Pendant ce temps, les forces de l'ordre ont commencé à intervenir samedi sur le pont Ambassador après l'échec d'une tentative du gouvernement de l'Ontario de négocier avec les manifestants, indiquent les documents, mais cette tentative a avorté lorsque le nombre de manifestants a dépassé les 500 personnes.

Le ministre de la Sécurité publique, Marco Mendicino, a déclaré à ses collègues que deux mouvements distincts semblaient être impliqués : un relativement inoffensif et joyeux ayant une relation étroite avec les communautés religieuses, et un groupe plus inquiétant d'extrémistes plus durs essayant de saper les institutions gouvernementales et l'application de la loi.

La police face à des manifestants dont certains ont campé dans leurs camions près de la colline du parlement.

Intervention de la police d'Ottawa.

Photo : Evan Mitsui / CBC

M. Mendicino a également noté qu'il y avait des informations selon lesquelles d'anciens membres de l'armée conseillaient les dirigeants du blocus et leurs donnaient des instructions, selon les documents.

Le ministre des Transports, Omar Alghabra, travaillait pour sécuriser les remorqueuses et les chauffeurs. Le gouvernement fédéral a déclaré que les entreprises de remorquage n'étaient pas disposées à déplacer les gros camions qui encombraient les rues du centre-ville d'Ottawa, et l'invocation de la Loi sur les mesures d'urgence a donné à la police le pouvoir de les obliger à prêter assistance.

Entente avec la Ville

C'est le dimanche que les fonctionnaires fédéraux ont été informés qu'il y avait un potentiel de percée à Ottawa.

Selon Keith Wilson, avocat du groupe Convoi de la liberté, cette percée était une entente qui avait été travaillée afin de négocier avec des responsables de la Ville. Tamara Lich, l'une des meneuses de la manifestation, et le maire d'Ottawa, Jim Watson, ont correspondu le 12 février, discutant d'un arrangement qui verrait les camionneurs déplacer leurs véhicules à l'extérieur des zones résidentielles.

De nombreux citoyens et entreprises d'Ottawa nous ont encouragés, mais nous dérangeons également les autres. Cela n'a jamais été notre intention, a écrit Mme Lich au maire Watson.

Un dessin de Tamara Lich lors de sa comparution.

Tamara Lich est reconnue comme étant l'une des figures de proue du convoi (archives).

Photo : La Presse canadienne / Alexandra Newbould

Le groupe a imprimé des dépliants expliquant qu'il prévoyait de repositionner les camions à partir de lundi, afin de ne pas donner au premier ministre l'excuse qu'il veut désespérément pour utiliser la force et saisir nos camions.

Le dimanche soir 13 février, Pat King, un manifestant de premier plan, a déclaré sur les médias sociaux qu'il n'y avait pas d'accord et a laissé entendre que les contre-manifestants diffusaient de fausses informations.
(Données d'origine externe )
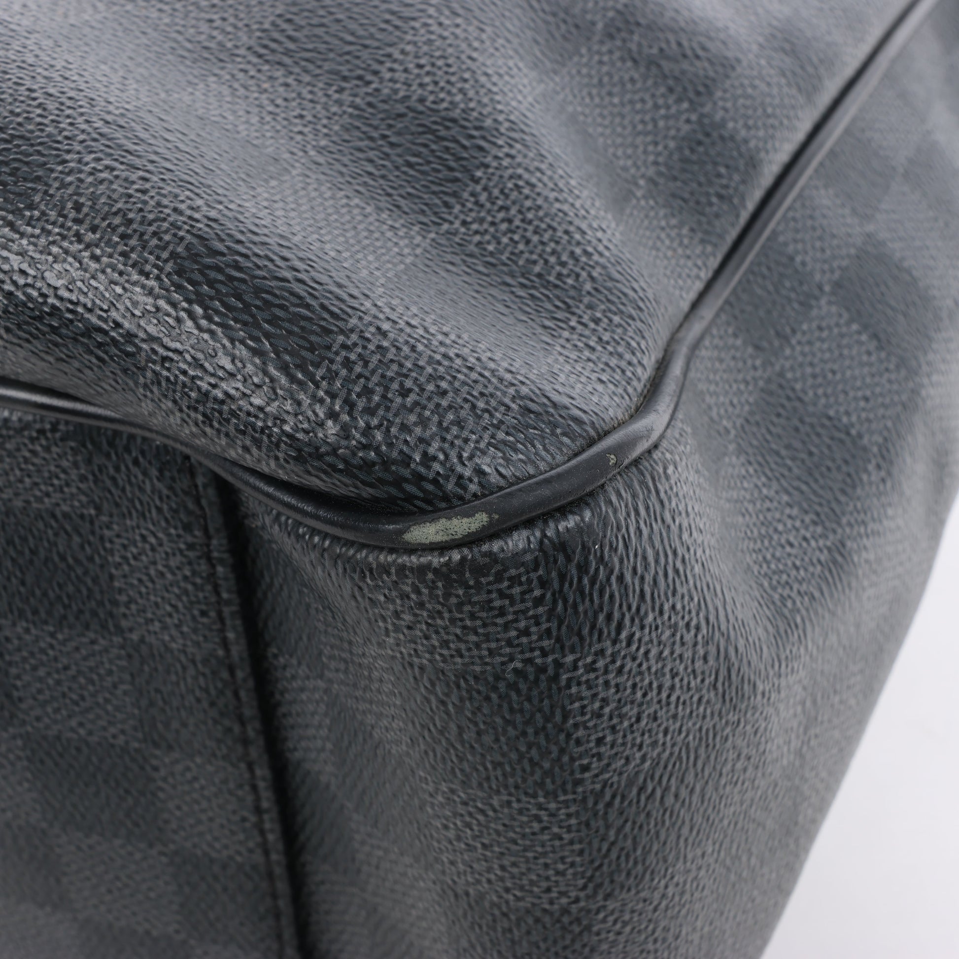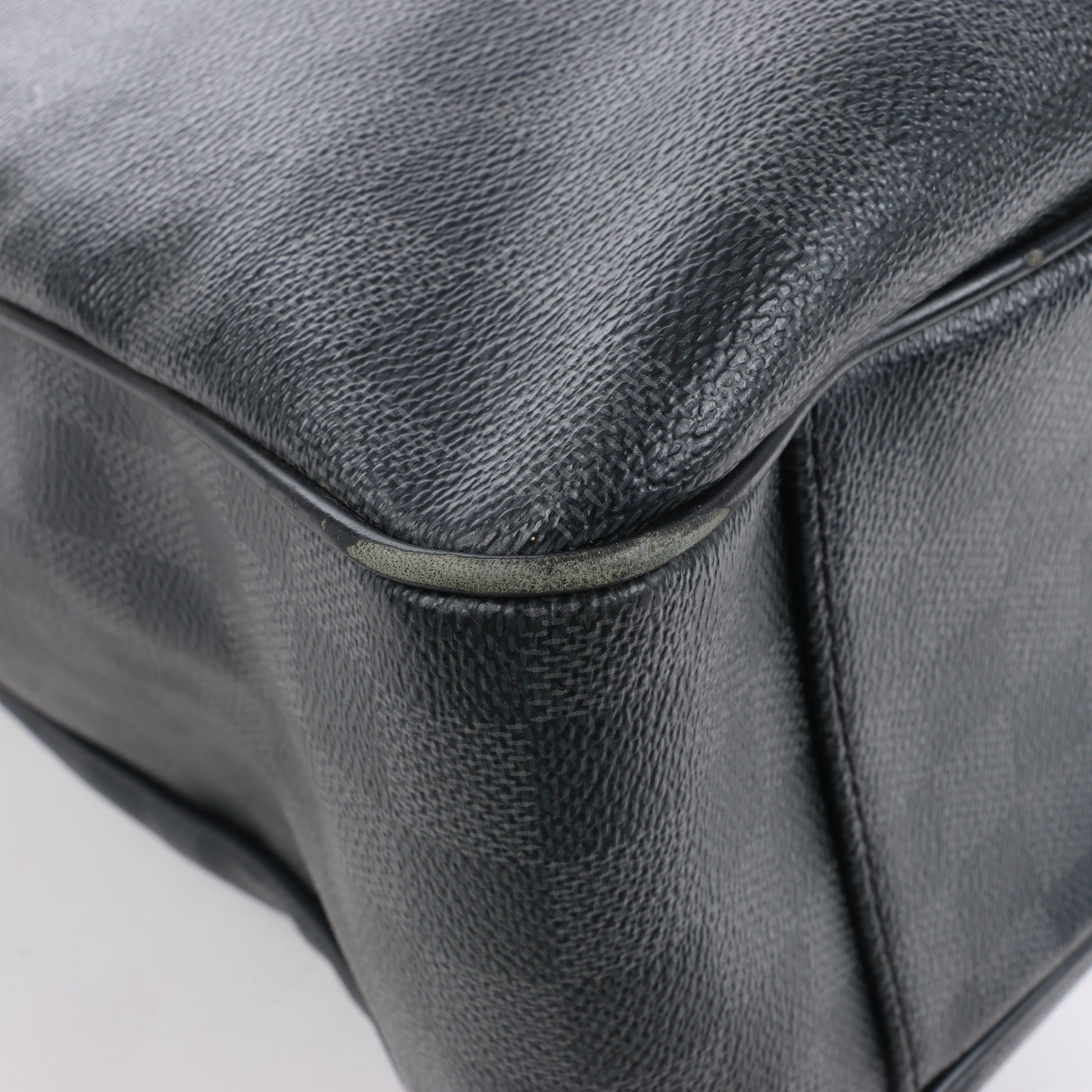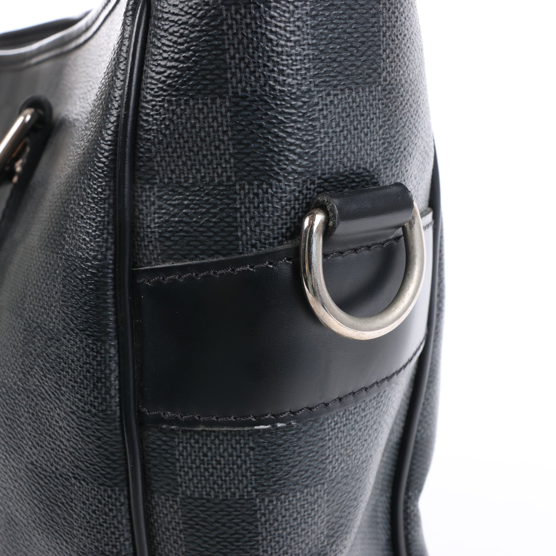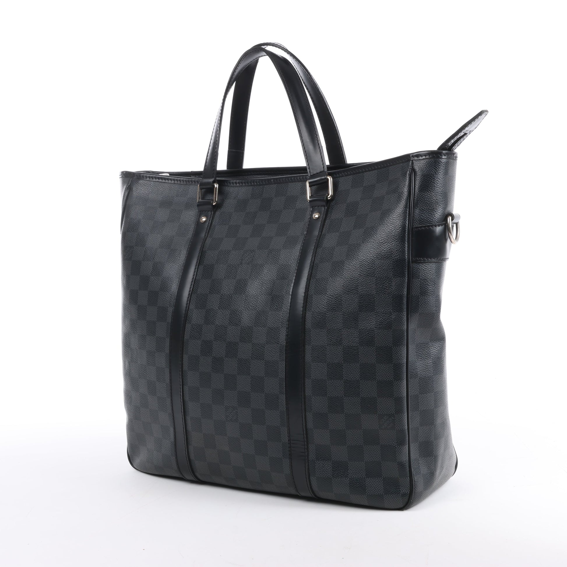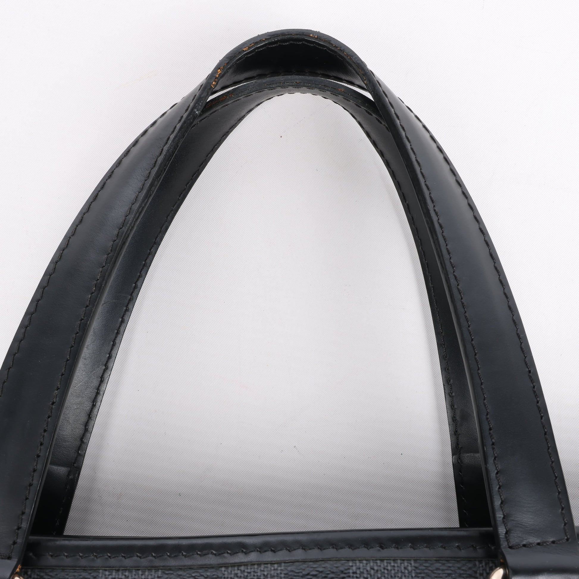 A sleek and versatile tote in Damier Graphite canvas with black leather trim. Features rolled leather handles, adjustable/removable shoulder strap, silver-tone hardware, and a spacious open interior with multiple pockets for organization. Perfect for business or travel.

Il a demandé aux manifestants de ne pas bouger.

Certains véhicules ont commencé à se déplacer le 14 février, a déclaré M. Wilson, dégageant deux pâtés de maisons.

Environnement chaotique

Il a dit que plusieurs malentendus dans l'environnement chaotique ont ralenti ce qui était déjà susceptible d'être un effort de plusieurs jours pour déplacer les camionneurs sur la rue Wellington et la promenade Sir John A. MacDonald.
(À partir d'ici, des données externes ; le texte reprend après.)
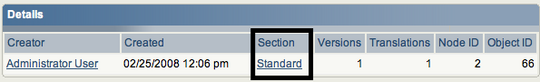 The Details window is shown in the main area of the Administration Interface when viewing some content (and when the corresponding switch has been selected). This displays information about the selected node and the object that it encapsulates: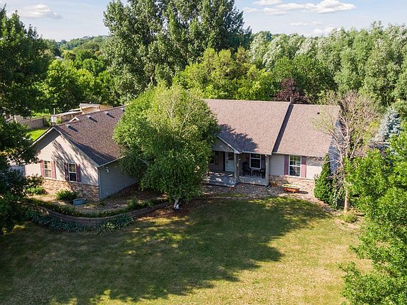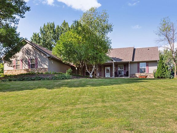 Welcome to this wonderful rambler on 10 acres!! 4 bedrooms and 3 bathrooms. The property includes an oversized 3-car attached garage and a 28x32 pole building, offering plenty of storage and parking options. On the main level, you'll find 3 bedrooms, including a Master Suite with a private bathroom. The open living room, dining area, and kitchen provide a spacious and inviting atmosphere, complete with excellent storage and a center island with seating. Another highlight of the main level is the additional family room with a fireplace. The 4-season porch features a vaulted ceiling and access to the deck. The lower level boasts a family room, a bonus room, a 4th bedroom, and a three-quarter bathroom, providing additional space. The property offers ample room to enjoy outdoor activities, enhanced by a huge deck and patio. Lakeville School District. This home truly offers a delightful combination of comfort and functionality. Contract for deed terms are possible.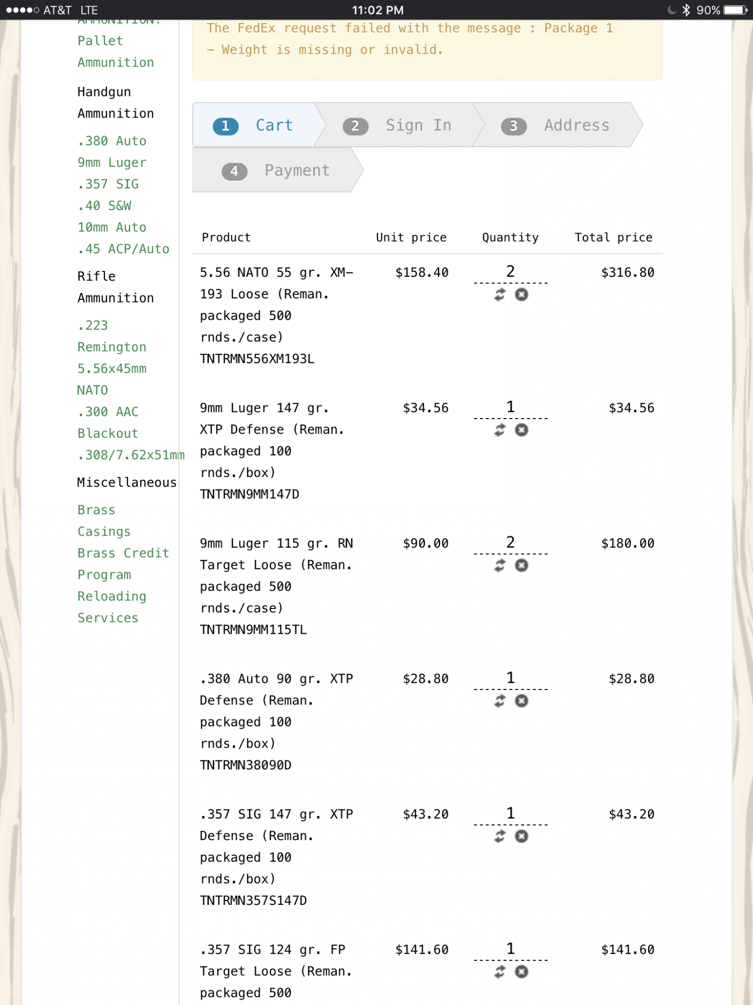 The FedEx request failed with the message : Package 1 - Weight is missing or invalid.

Nous pensions avoir des problèmes de communication, a déclaré l'avocat Keith Wilson. "Oh, mon Dieu, la police a toujours eu de terribles communications. Donc nous allons déplacer les camions, et ensuite la police ne nous laisse pas bouger".

Cet après-midi-là, M. Trudeau a annoncé la décision d'invoquer la Loi sur les mesures d'urgence.

Le 19 février, après des jours d'avertissements de la police demandant aux manifestants de partir, une opération impliquant des centaines d'agents a permis de commencer à évacuer les véhicules et les personnes du centre-ville d'Ottawa.